Редакция газеты "Воскресение"
***
Почти у каждого из поэтов Серебряного века был свой имидж, устоявшаяся маска, которая, правда, далеко не всегда совпадала с человеческой сущностью ее носителя.
За Максимилианом Волошиным в предреволюционные годы закрепился образ «офранцуженного» эстета, мастера парадоксов, играющего в оккультизм и позирующего «под Зевса». Впрочем, надо признать, и в жизни, и в стихах он выглядел нарочито ярко, эффектно и величественно, расширяя границы своего существования до космических масштабов:
...И мир – как море пред зарею,
И я иду по лону вод,
И подо мной и надо мною
Трепещет звездный небосвод...
(1902 г.)
Его стихам отказывали в искренности, видя в них внешнюю красивость и стремление во что бы то ни стало поразить воображение. Волошинские «чудачества» раздражали собратьев по перу, и даже друзья не могли преодолеть в отношении к нему некоторой насмешки и недоверия. Невероятно общительный и расположенный к людям, где-то в глубине он все же оставался «сам по себе».Но вот кончился недолгий «золотой сон» начала века, и в годину безжалостных испытаний непонятный, «отъединенный» поэт задал современникам новую загадку. Эстет, годами живший в Париже и, казалось, бесконечно далекий от насущных судеб России, он вдруг нашел о ней такие проникновенные слова, каких никому больше не довелось сказать. Над выстуженными вихрем междоусобиц, залитыми кровью просторами встала фигура страдающего за всех пророка и казалось, его устами говорит сама разворошенная, обезумевшая страна. Осознавая страшные события, которыми начался ХХ век для России, и словно предчувствуя все, что ей еще предстоит пережить, Волошин удивительно емко выражает полное приятие Божественного плана и идею христианского смирения и самопожертвования:
Верю в правоту верховных сил,
Расковавших древние стихии,
И из недр обугленной России
Говорю: «Ты прав, что так судил!
Надо до алмазного закала
Прокалить всю толщу бытия.
Если ж дров в плавильной печи мало:
Господи! Вот плоть моя».
(«Готовность», 1921)
Прошли десятилетия. Давно ушел из жизни так и не дождавшийся должного признания поэт. Над Россией прокатилась еще одна кровопролитная война, времена сталинского террора сменила неуверенная оттепель...
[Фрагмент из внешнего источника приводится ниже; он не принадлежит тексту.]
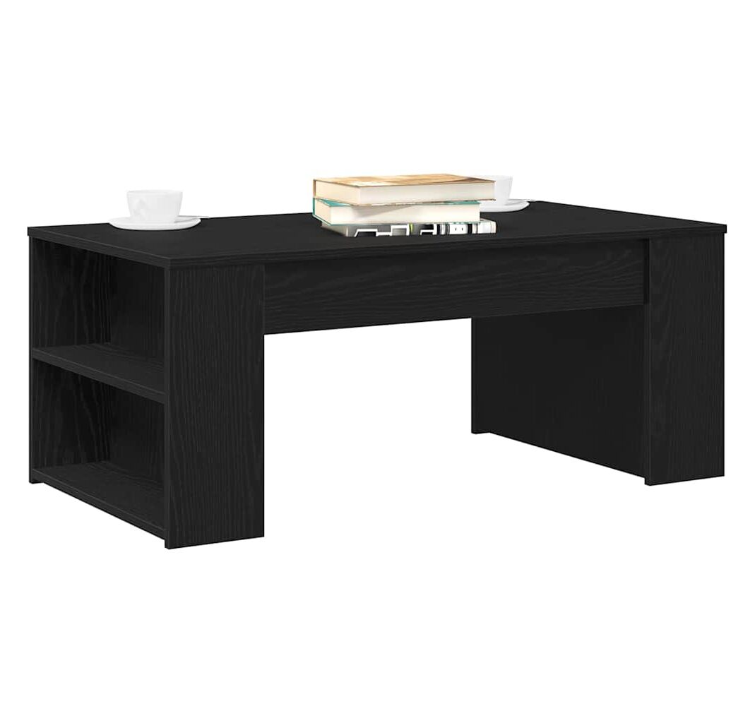 Această masă de cafea e super practică și combină stilul cu funcționalitatea, fiind perfectă pentru a revitaliza orice living. Finisajul de stejar negru și suprafața netedă creează o atmosferă caldă, făcând-o o alegere ideală pentru întâlniri relaxante sau evenimente mai elegante.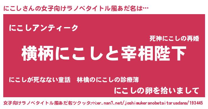 | 男性向けラノベタイトル風あだ名 | 『にこしに滅ぼされるだけの簡単なお仕事です』 |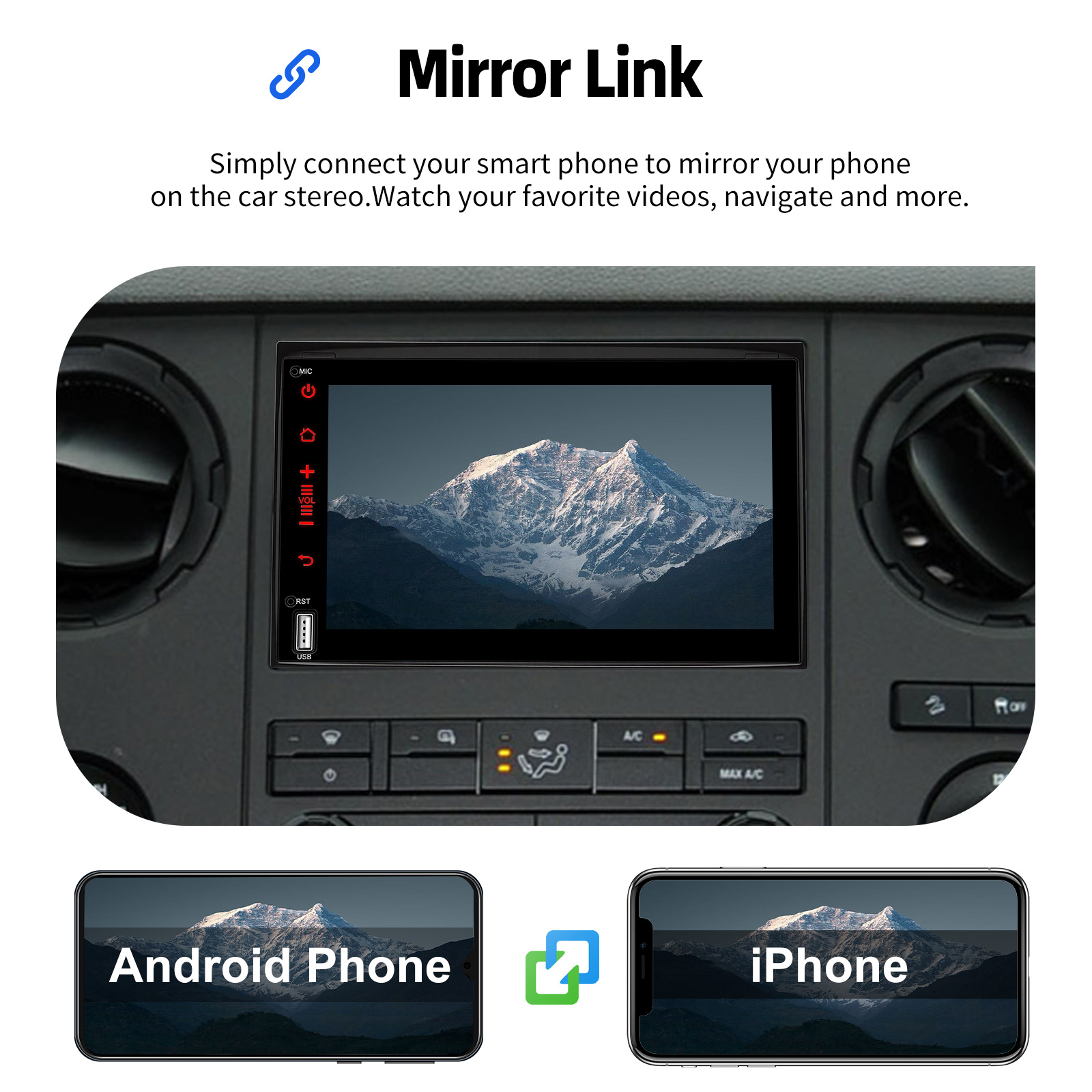 Mirror Link & Wireless Carplay & Android Auto: With this car radio, you will experience the impressive Mirror Link function, compatible with iOS and Android phones. You can mirror your smartphone screen to the car radio using apps like Google Maps, Spotify, Youtube, etc. Replace your mobile phone with the car screen and turn your vehicle into a smart platform. Immerse yourself in a seamless and user-friendly infotainment experience with Apple CarPlay & Android Auto. Connect your iPhone to Apple CarPlay or your Android smartphone to Android Auto and securely access calls, texts, navigation, music and more. With intuitive operation via the touchscreen or voice control, you have all functions at your fingertips while you remain safely at the wheel. Use your favorite apps and stay connected at all times while keeping your eyes on the road. Turn your vehicle into an extended hub for your mobile devices and experience a new dimension in infotainment.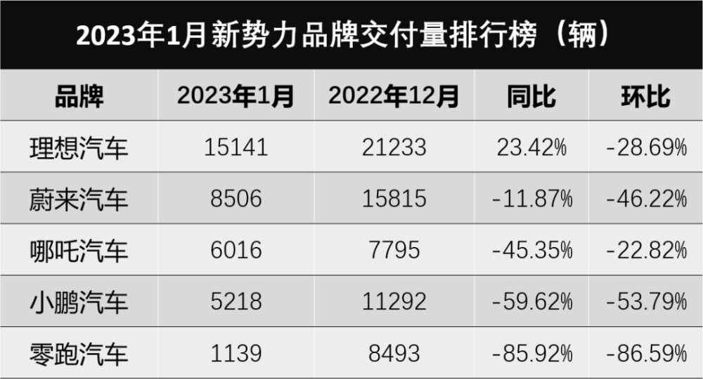或許是春節(jié)前后家庭用車需求的刺激,理想成為了2023年首月新勢(shì)力車企的大贏家,1月份雖說(shuō)各家交付量都受長(zhǎng)假影響下跌,但“大家都跌就意味著我沒(méi)跌”,尤其是身為新勢(shì)力銷冠的理想汽車,節(jié)后返工說(shuō)話底氣都更充足了。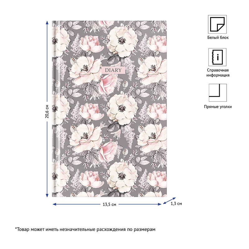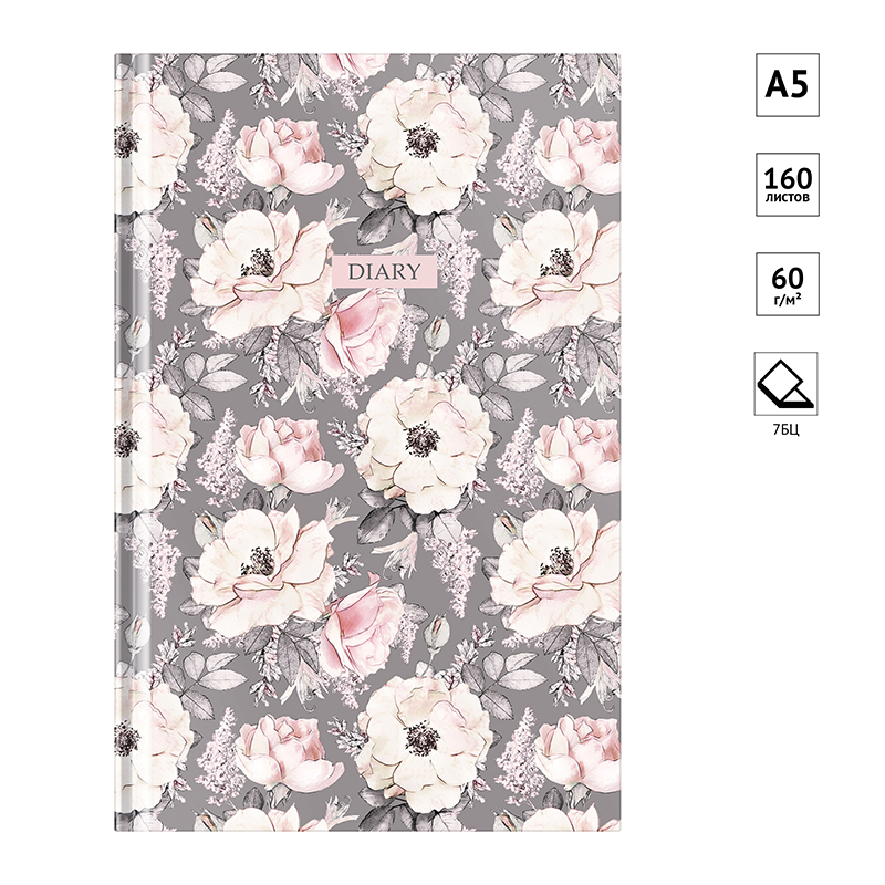 Ежедневник недатированный Officespace Цветы Wild rose, А5, 160 листов, твердая обложка

И вдруг имя Волошина вырвалось из тени забвения: в новых поколениях произошел взрыв жадного интереса к его творчеству и личности. Его Правда, выношенная в одиноких и горьких «блужданиях», оказалась нужна людям; солнце любви ко всему живому, которое он зажег в себе, не погаснув с его смертью, начало светить все сильнее.
Где же ключ к тайне Волошина? Какими «путями и перепутьями» шел он к своей духовной высоте? В чем заключалось сокровенное его «знание»? Каков его вклад в русскую и мировую культуру?.. Ответить на все эти вопросы долгое время было затруднительно: только с конца 1980-х читателю стало доступно все поэтическое творчество Волошина без изъятия, большая часть его статей, дневников и воспоминаний, а также свидетельства о нем современников. Процесс открытия Волошина продолжается и сегодня…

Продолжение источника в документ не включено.